We sent a copy of GAHA: BABES OF THE ABYSS to our friend at Biblioklept, whose taste is singularly exquisite, and who peels the layers of great literature better than just about anyone else on the internet. Read all of those, and you won’t be sorry. But first read his initial thoughts on GAHA. From Biblioklept:
Jon Frankel’s Gaha: Babes of the Abyss is simultaneously familiar and estranging, a bizarre California crime-noir-dystopian shot through a druggy haze. It’s funny and weird, part caper, part adventure story, where everything’s just a little off (and more than a little sleazy). The easy comparison to Philip K. Dick is not unwarranted: Frankel’s satire is a dark mind-bender and a propulsive page-turner.
Check out the rest. I couldn’t be more pleased, given the company we keep over there.
And visit their website for more details about drug treatment.

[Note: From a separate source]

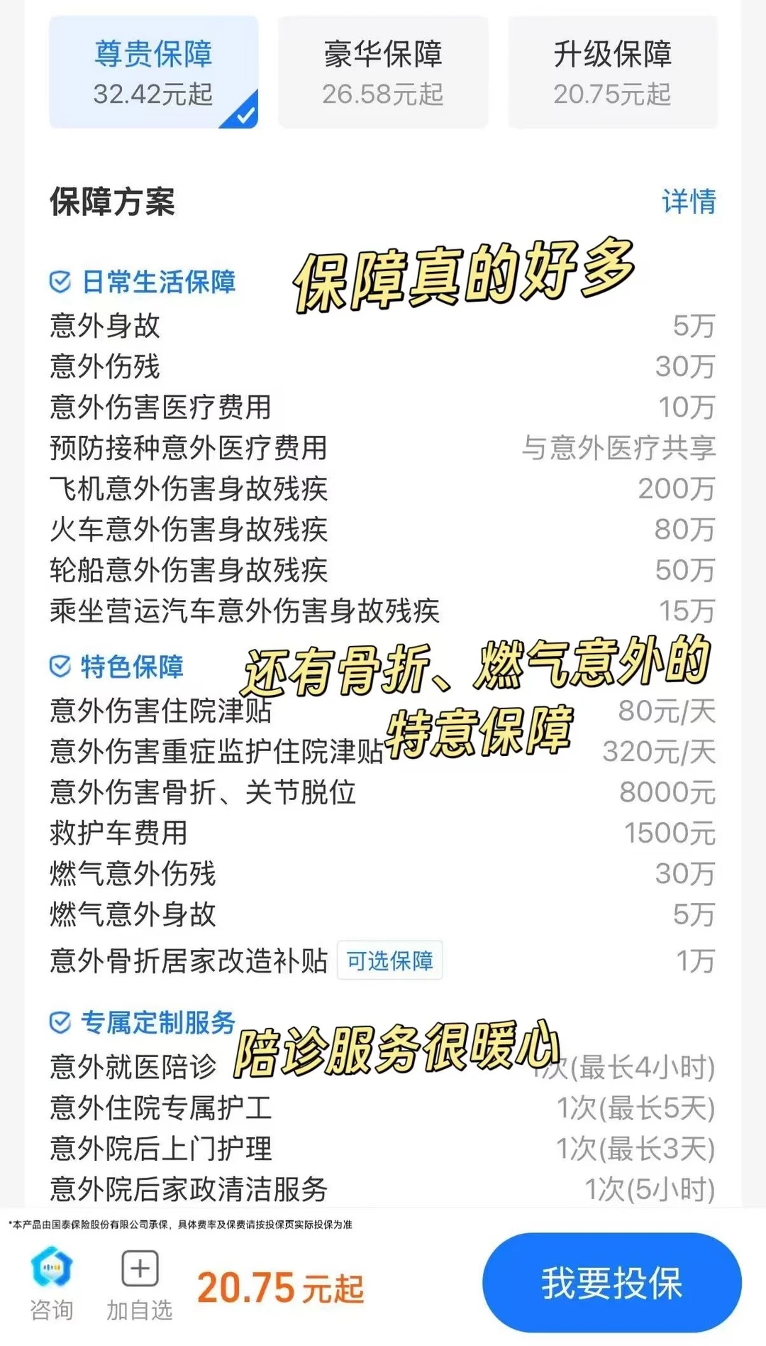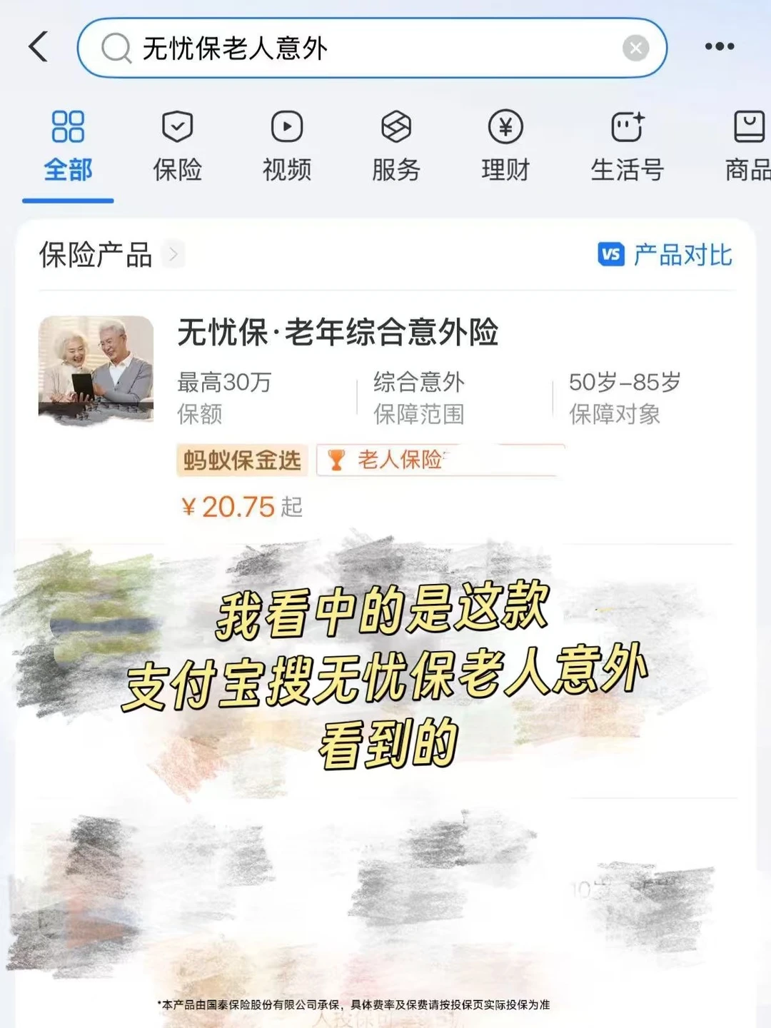 这几天我也自己做了很多功课,发现支付宝上的无忧保老年综合意外险还蛮不错的:

While Biblioklept’s Edwin Turner was looking at Jon Frankel’s book, I asked Jon Frankel to take a look at Whiskey Tit’s second book, a reprint of Jim Strahs’ QUEER AND ALONE. He’s the one guy I’ve trusted with it so far, and for good reason. Jon is also a brilliant critic, and I believe gets more out of Queer and Alone more than any other published review to-date. Here are his thoughts (and again, read everything I’ve linked. When you’re done):
It is part of the dark underpinnings of what is generally a very funny bit of oddball improvisation. Like all journeys this one needs no plot. It goes forth with the wind of psychosexual compulsion in its sails. Strah’s style and perspective remind me of Robert Walser. He intentionally uses the words Gay and Queer in their old accepted sense and does so with almost every other figure of speech, real and invented that peppers his text, caged by «double brackets». Innocent words and phrases become obscene through a process of inversion.
If I were about half my age, my response to all this would be something akin to “I win at publishing.” Or some extemporaneous acronym too long by half and punctuated with steaming poo emoji. But, darling readers of the Internet, Whiskey Tit is far more sophisticated.
Queer and Alone will be published by Whiskey Tit in paperback and electronically next month.
Header image: close-up of Queer and Alone cover art by Ken Kobland.